I am no longer the girl with A Time to Cherish and my Bible on my night stand, searching for all the answers that my mother couldn’t give me. In fact, when I sat down the other day to re-read “A Time to Cherish,” I was so perplexed and troubled by it, I wrote the author herself to ask her some questions. One was her advice to me, a reader who had not only lost her faith, but in the parlance of Born Agains, her testimony – her love for God and desire to share the good Word. “Turn to God,” she replied. “Every life is redeemable. ... Shame off you, grace on you.
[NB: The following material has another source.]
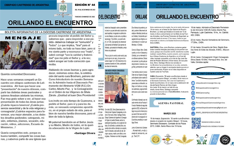 Orillando el Encuentro N° 44, ya se encuentra disponible el boletín informativo de la Diócesis Castrense de Argentina, disponible en formato PDF para leer, descargar e imprimir. En esta nueva edición, encontraremos el mensaje de nuestro Obispo, Mons. Santiago Olivera, nos pide, “los invito en este tiempo de Cuaresma, a pedirle al Señor, para sí y para los demás, un renovado compromiso apostólico, en el propio estado de vida, para el bien de nuestra familia diocesana, para el bien de toda la Iglesia”.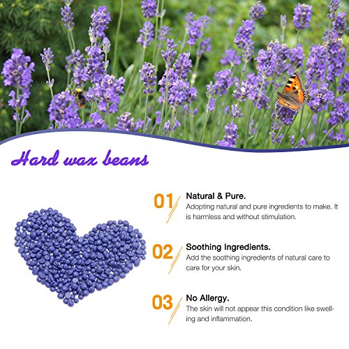 - Strongly recommended by hair removal experts ---IEOKE hard wax beans (lavender flavor) can effectively help you remove hair of any part of your body you want. You can show your big long legs, put on your favorite miniskirt and be a confident people!

Her answer made me ineffably sad.

How could I explain? I don’t feel that I need redemption. I don’t feel ashamed. I don’t feel lost, or scared or worried about my eternal soul. I don’t even think I have an eternal soul.

I no longer even value faith; I value doubt.

I do know why, as a young girl, I wanted answers: I was angry, like a lot of teens, and I was learning that growing up doesn’t give anyone solutions, only more complicated questions. I loved Gunn’s book so much because, even as Christy struggles with faith, with being a young woman, having crushes and maintaining friendships, her faith allows her to know that everything happens for a reason, and that everything will be OK.

Somewhere along the way I lost interest in everything being OK.

There’s a moment in Rainer Maria Rilke’s Letters to a Young Poet in which the German writer urges a young and struggling author, “Be patient toward all that is unsolved in your heart and to try to love questions themselves, like locked rooms and like book that are written in a very foreign languages.” More than my politics changing (which they did) or my mother passing (which she did), what separates me from the girl who looked to A Time to Cherish for direction is that I became vastly more interested in questions rather than answers.

Which is not to say that I don’t still try to find meaning in my life, or that I begrudge anyone else their own search. A Time to Cherish is still on my shelf, next to my pink Bible, my Quran, Book of Mormon, The Doctrine and Covenants, Leon Lederman’s tomes on particle physics and collections of Keats. Reading them all gave me more questions than anyone could ever answer.

I used to live in a world of miracles. Now I live in a world of wonder.